No Cash

Não aceitamos dinheiro
Mobile Transactions Org

Parece que pouco a pouco, nos países mais desenvolvidos, esta vai ser a tendência. No Reino Unido, por exemplo, o comerciante pode se recusar a receber pagamentos em dinheiro.

No Brasil, segundo o Código de Defesa do Consumidor,  artigo 39, inciso IX, é proibido recusar o pagamento em moeda corrente nacional. O lojista pode se recusar a aceitar cartões de débito, credito e cheques, desde que o aviso esteja visível e o consumidor seja informado previamente.

Com mais de 45 milhões de pessoas não bancarizadas em 2019 segundo o Instituto Locomotiva, movimentando anualmente cerca de R$ 817 bilhões na economia, numa situação onde dinheiro ainda é a forma de pagamento mais comum para os setores mais pobres e o cheque é uma moeda paralela no mercado informal, os pagamentos digitais ainda terão um significativo ativo espaço para crescer.

O pagamento do Auxílio Emergencial revelou um contingente de mais 60 milhões de pessoas que nem apareciam nas estatísticas oficiais. O auxilio emergencial foi pago majoritariamente por meio de saques nas agências e agentes autorizados ou transferências bancárias.

A novidade em direção à digitalização foi o aplicativo Caixa Tem, que permite os pagamentos via QR Code e por um cartão virtual de débito.

Os cartões continuam sendo um meio de pagamento importante, com destaque para os cartões pré-pagos, que segundo a ABECS cresceram 145,6%, representando R$ 18 bilhões em transações.

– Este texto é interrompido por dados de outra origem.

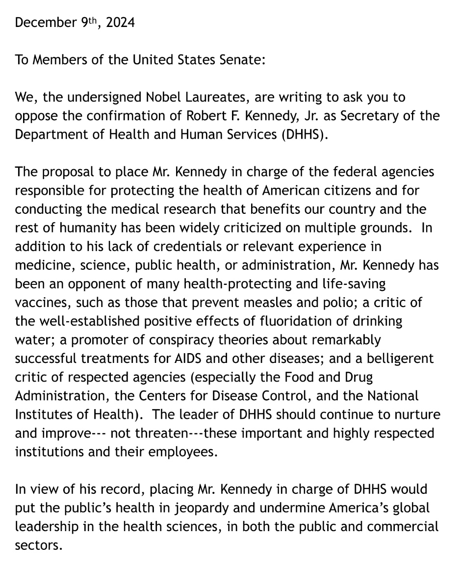 The DON’T CONFIRM KENNEDY FOR DHHS SECRETARY letter”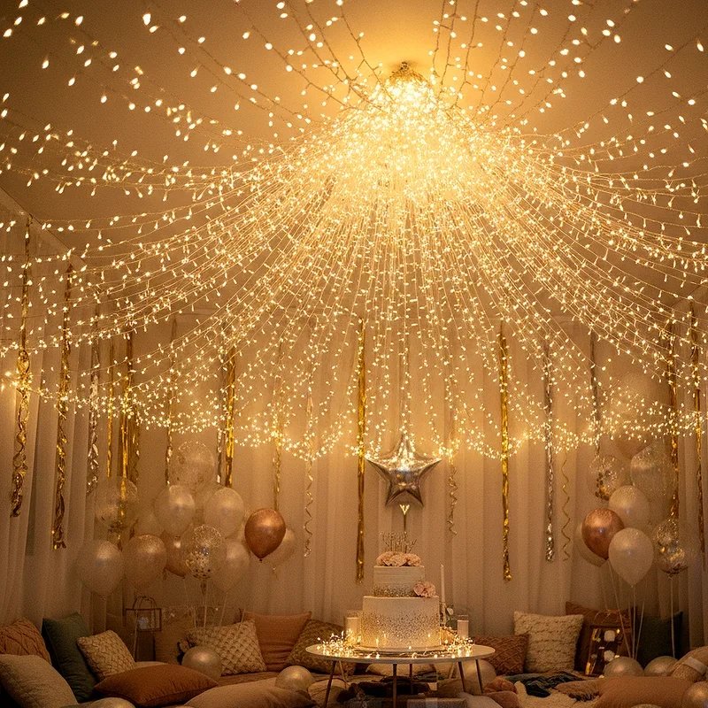 Nothing creates ambiance quite like a canopy of twinkling fairy lights draped across the room. String battery-operated LED lights from corner to corner, creating a starry night effect overhead. You can weave them through sheer fabric for a dreamy, ethereal look that transforms any space into a magical venue. Choose warm white lights for a cozy atmosphere or multicolored options for a more playful vibe. Layer different lengths of light strings at varying heights to add dimension to your design. Combine fairy lights with tulle or organza fabric to soften the overall appearance and create a romantic setting. This versatile decoration works perfectly for both daytime and evening celebrations, adding that special sparkle everyone associates with birthdays.

Em 2020, o destaque foi para os pagamentos por aproximação (cartões contactless e transações NFC):

Volume de pagamentos por aproximação
Fonte: ABECS

Parte significativa deste volume foi devido ao crescimento do e-commerce durante a pandemia do Covid-19. Ainda segundo a ABECS, o volume de compras não presenciais atingiu R$ 126,2 bilhões, representando um crescimento de 49,3% em relação ao ano anterior.

Transações e-commerce
Fonte: ABECS

Como estrela do momento e apontando para o futuro do Open Banking, o PIX demonstra todo seu potencial.

PIX
Marca definida pelo BC para o sistema de pagamentos instantâneos

Este foi quadro do PIX em 31/01/2021:

  • 159,4 milhões de chaves, sendo cerca de 6 milhões de chaves Pessoa Jurídica
  • 65,5 milhões de usuários, totalizando 101 milhões de contas
  • 200 milhões de transações, sendo 138,8 milhões de transações entre pessoas físicas.

A partir de fevereiro, o Sem Parar passou a aceitar PIX para o pagamento das contas e para a recarga das contas pré-pagas, mostrando que a tendência é adoção deste meio de pagamento em diversas modalidades de serviços.

A próxima fronteira é a cadeia de pagamentos dos Arranjos Fechados, aqueles ecossistemas que envolvem fornecedores, seus clientes e os clientes dos clientes.

Nestes segmento, onde o maior volume de transações ainda acontece por meio de DOC, TED e boletos, a introdução dos pagamentos instantâneos provocará uma verdadeira revolução nos processos, permitindo uma integração praticamente transparente entre os sistemas financeiros e de logística. O impacto acontecerá nos custos financeiros das transações, mas também no tempo decorrido entre a confirmação do pagamento e a entrega dos produtos e serviços.

Em resumo, dinheiro e cheques ainda continuarão sendo utilizados como importantes meios e pagamento, mas seu peso relativo no volume global de transações tende a diminuir nos próximos anos, com a evolução e sofisticação dos pagamentos eletrônicos.